Abstract: Large-scale computing clusters composed of heterogeneous resources are essential for training large deep neural networks such as ChatGPT and Sora. However, the failure rate during the training process tends to be positively correlated with the scale of the training. A failure in any component of the cluster may lead to an interruption of the training task, making it crucial to implement efficient fault-tolerance mechanisms in large-scale deep neural network training.

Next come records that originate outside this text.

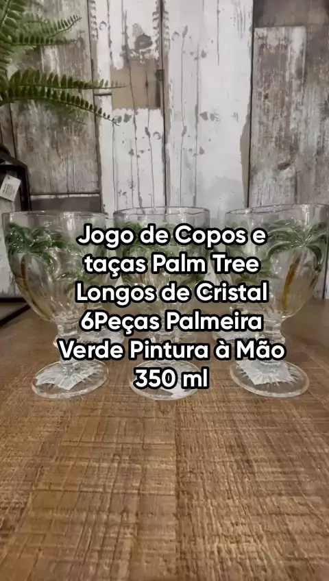 Jogo de Copos e taças Palm Tree Longos de Cristal 6 Peças Palmeira Verde Pintura à Mão 350 ml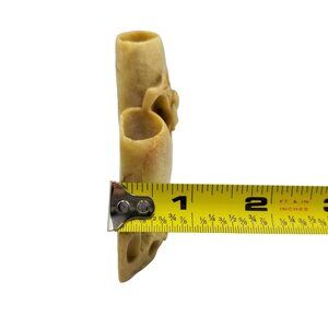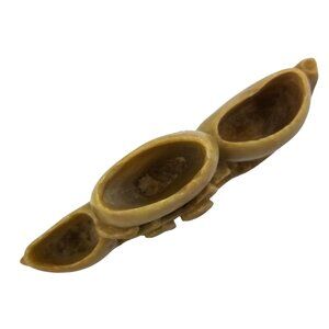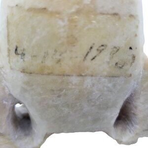 Some minor surface wear and natural soapstone variations. Approximately 3 inches tall, 6 inches wide.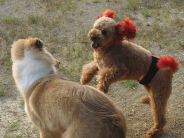 りきはクンも走り回って~ラッシーくんの気を引こうとしてますね(^^)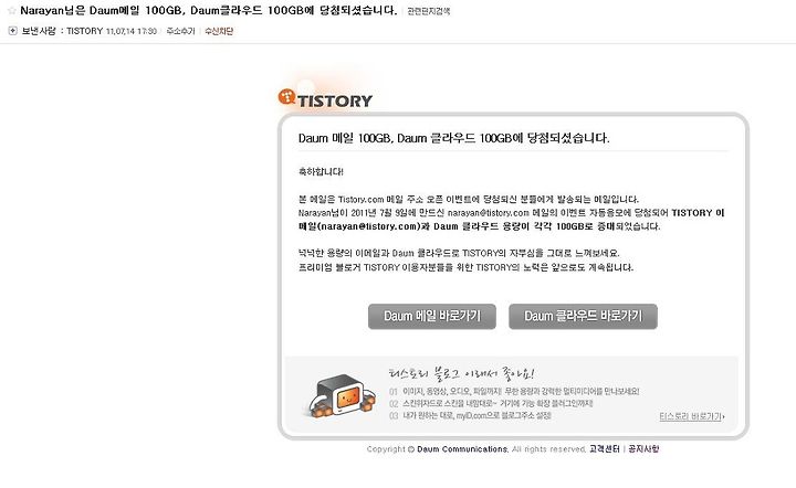 이로써 이제 주력은 티스토리 메일이 되겠군요 ㅎㅎ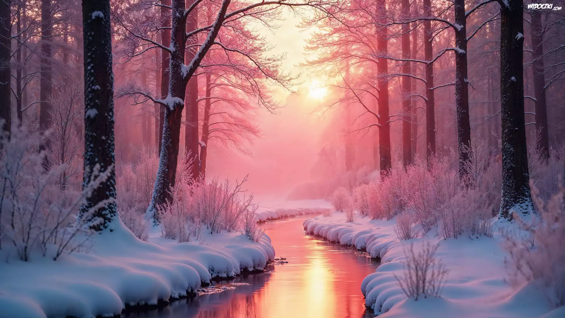Zdjęcia, Zima, Las, Rzeka, Poranek, Drzewa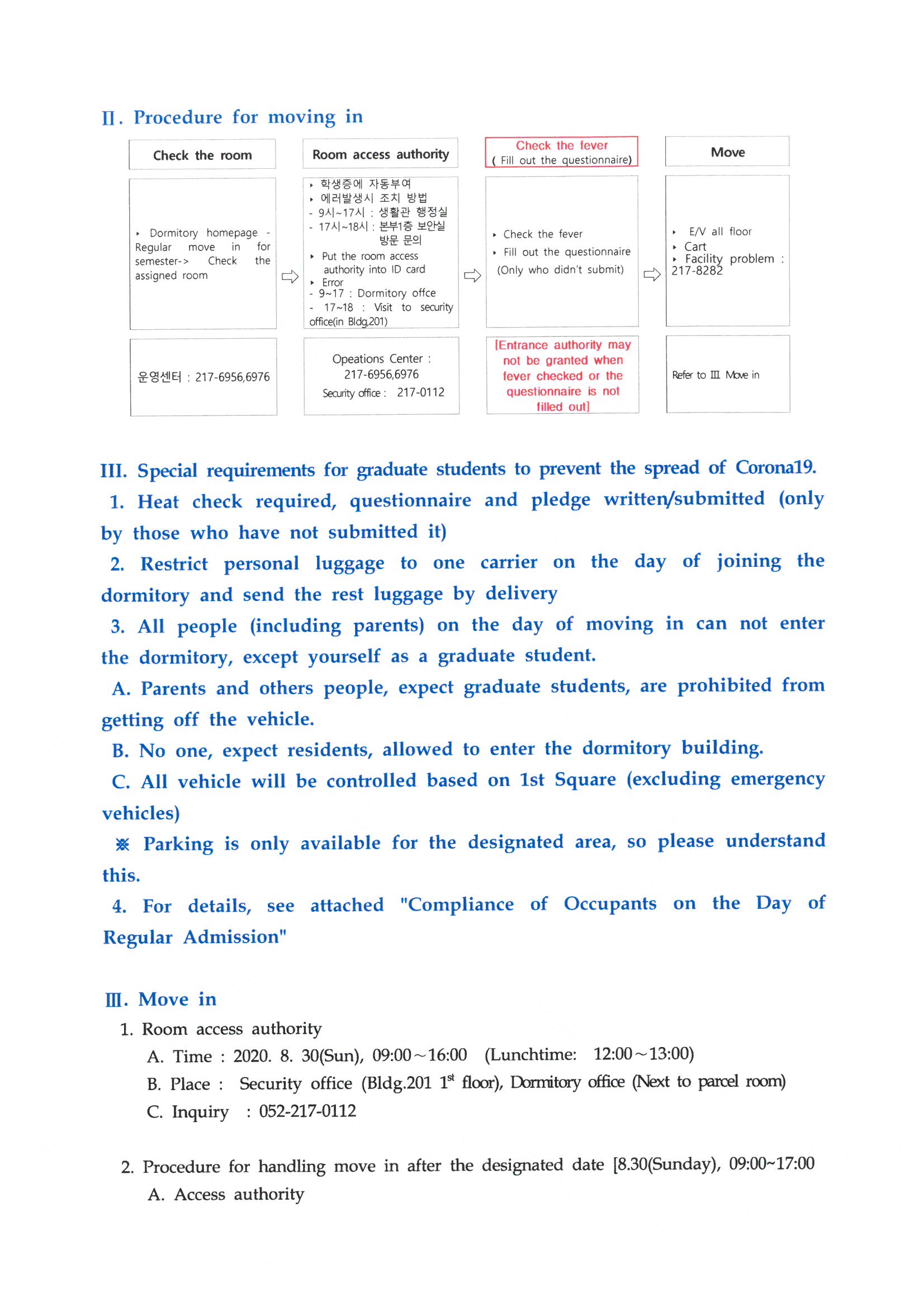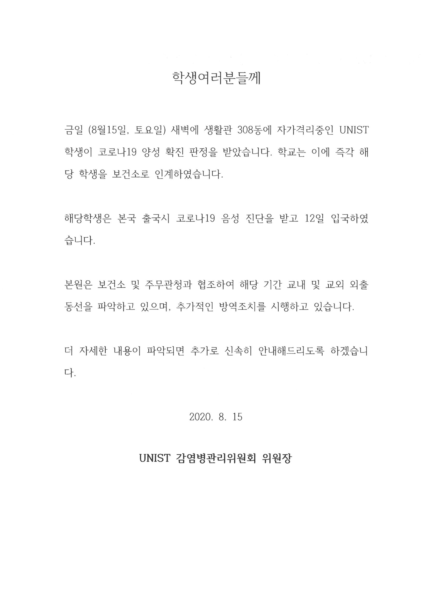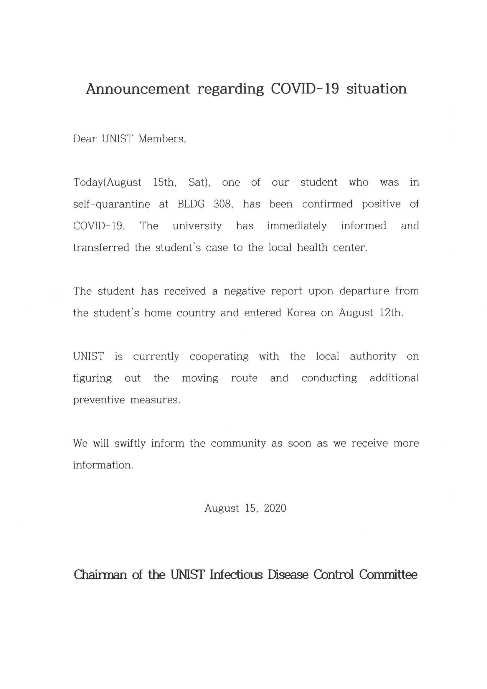 | 392 | 코로나 확진 관련 안내문[Announcement regarding COVID-19 .. | 2020-08-15 | 2203 |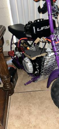 has a 212cc 7hp lifan engine with electric start. has nibbi grips and throttle cable. did a gov removal, added a torque converter and a vm22 carb. uses a 35# chain back tire is flat but not punctured. i have a battery for it but its pretty heavy and ill throw in an extra throttle cable both for free. cash only. text for questions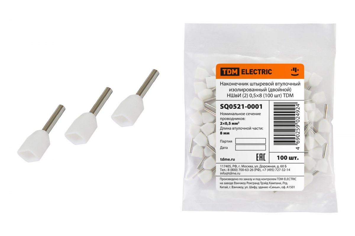 Наконечник штыревой втулочный изолированный (двойной) НШвИ (2) 0,5х8 оранжевый (100шт) TDM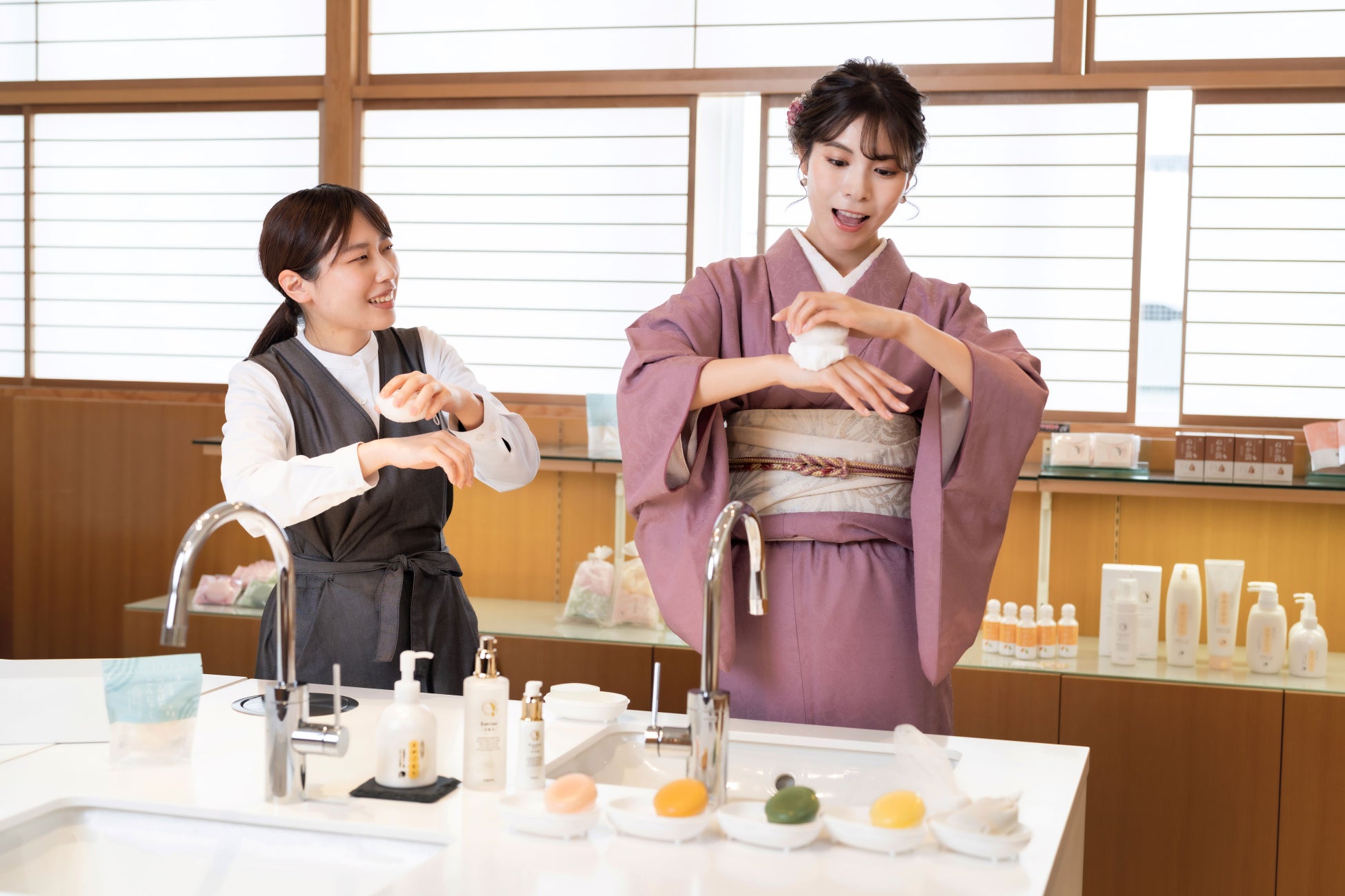 OMO5京都祇園から徒歩約2分の場所にある、よーじや祇園本店にて、よーじやのスタッフがスキンケアについてレクチャーするオプショナル講座を開催します。最初に、200種類以上の商品が揃えられた空間で、よーじやの歩みをご紹介。その後、実際にアイテムを使いながら、肌の調子を整え、保湿していく美しい素肌づくりをレクチャーします。京都の化粧文化や美意識に触れ、自身の肌にも向き合うことで、自分自身の美意識を高められます。お土産として、保湿成分米ぬかエキスを配合し、じっくりと肌のケアができる「ぬか袋」をプレゼント。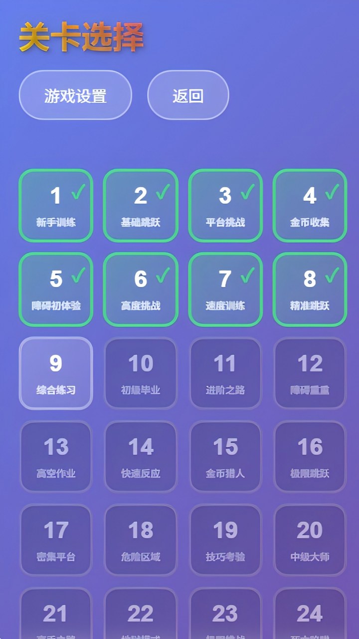 前一关通过后自动开放下一关,跃动玩家需通过精确操作完成关卡挑战。冒险需要先收集完所有金币

In summary, this paper delves into fault-tolerant technologies developed in recent years for large-scale neural network training, with a focus on how to effectively address training failures at different levels, as well as the potential advantages and limitations of these technologies.
This paper first explains the critical role of fault-tolerance techniques in large-scale deep neural network training and then discusses recent advancements in fault-tolerance technologies for large-scale deep neural network training. These are categorized into two levels based on their focus: fault-tolerance in the training process and in the system architecture and modules. In terms of fault-tolerance design for the training process, the paper covers both checkpoint-based and non-checkpoint-based techniques. Checkpoint-based fault tolerance aims to optimize the storage and transmission of checkpoints, minimizing data loss and recovery time in the event of failure, while non-checkpoint techniques rely on elastic training, redundant computing, and parameter update strategies, providing more flexible failure recovery mechanisms.In terms of fault-tolerant design for the system architecture and modules, this paper explores recent fault detection and management technologies that ensure the stability of large-scale clusters. Additionally, the paper discusses fault-tolerance measures for modules such as containers, data preprocessing, and matrix multiplication, which improve the efficiency and fault-tolerance capabilities of training tasks.
Finally, the paper summarizes and analyzes fault-tolerance technologies proposed in recent years, outlines the current challenges in large-scale deep learning training, and offers insights into future directions for optimization to meet the fault-tolerance demands of larger-scale deep learning training scenarios.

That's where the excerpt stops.